ハロウィンパーティーなので仮装した方が良いかと聞いたら、そのままで良いとの返事。両親と穂香は仮装しているのに、僕だけしなくて良いのかな?
と思ったけど、仮装しようにも衣装がない。今から買いに行く時間もないし、諦めて穂香を呼びに行きます。
「穂香、お父さんが迎えを寄越したから、それでパーティー会場に来るようにってさ」
「ありがとう、お姉ちゃん。外が騒がしいのは、その迎えのせいなのかな?」
嫌な予感しかしませんが、外に出て確認するしかありません。穂香を連れて外に出ると、正面の道路にはパトカーが二台停まっていました。
その周囲にはご近所さんが集まり、二台のパトカーに挟まれて停まっている物を凝視しています。
「お姉ちゃん、あれって……」
「白馬に牽かれたカボチャの馬車だねぇ」
馭者席には、ネズミの耳を頭頂部に付けた少年が座っています。お父さんの言った迎えって、あれなのでしょうね。
「薫さんと穂香さんですね、ご両親から頼まれお迎えに参りました。どうぞお乗りください」
馭者席から降りた少年は、馬車の下部から小さい階段を取り出し馬車の扉に付けました。
「お姉ちゃん、どうするの?」
「警察もいるし、変な事にはならないだろう。護身具もあるし、最悪穂香は箒で逃げればいい」
通常ならば乗らないでしょうけど、現実離れした光景に軽く混乱していたかもしれません。僕は穂香と共に馬車に乗り込みました。

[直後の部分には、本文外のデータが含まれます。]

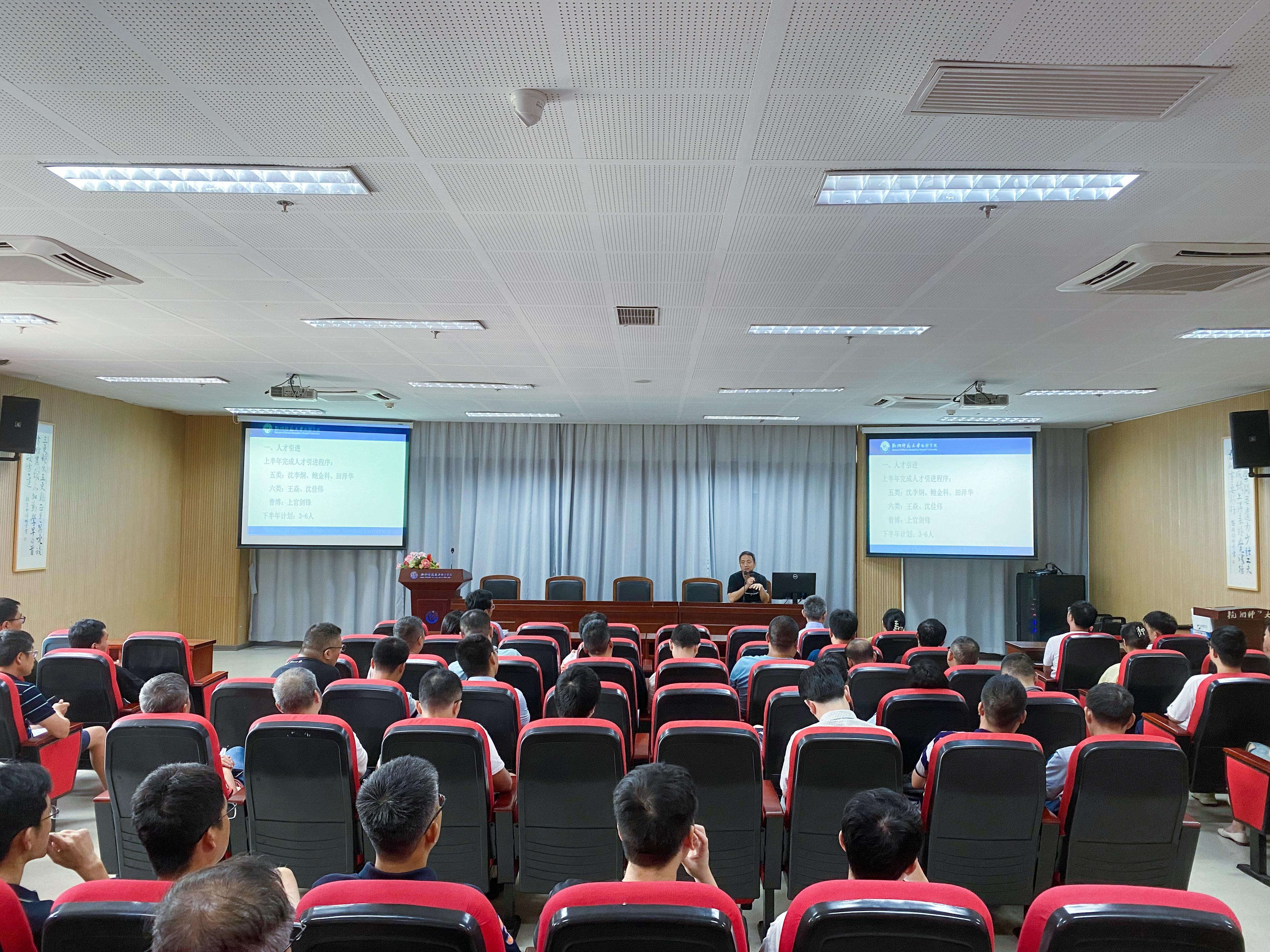 会上,院长侯红生从暑期工作的科研、基金和学术交流,省重大、重点基金申报,省基金申报、省市创新团队申报、教师参加学术会议和报告情况、杭州博士后科创精英赛、就业工作招生情况、学生竞赛、社会服务和实践和关爱学生等方面进行了汇报,并对新学期工作的重点任务和计划进行了重点的解读。他向获得奖项以及取得成果的老师表示祝贺,并肯定了各位老师为学院所做出的贡献。同时也指出,由于大环境的变化,目前存在学生就业难、难就业的问题,未来需要花费更多心思去解决好学生的就业问题。新学期继续做好老生返校和2023级新生报到工作,亚运期间学生工作要精心部署、周密安排、细化任务,强化人文关怀,完善服务保障。

赤色灯を光らせ、サイレンを鳴らしたパトカーに挟まれた馬車は信号を無視して走ります。万が一を考えて走行ルートを窓から見ていましたが、市街地を抜けて市の境の河川敷に向かっているようです。
馬車は県道をそれて、河川敷に降りました。それに伴いパトカーは離れ、馬車だけが広い川岸に停まります。そこでは、カボチャの灯籠に照らされて色々な仮装をした人達が談笑していました。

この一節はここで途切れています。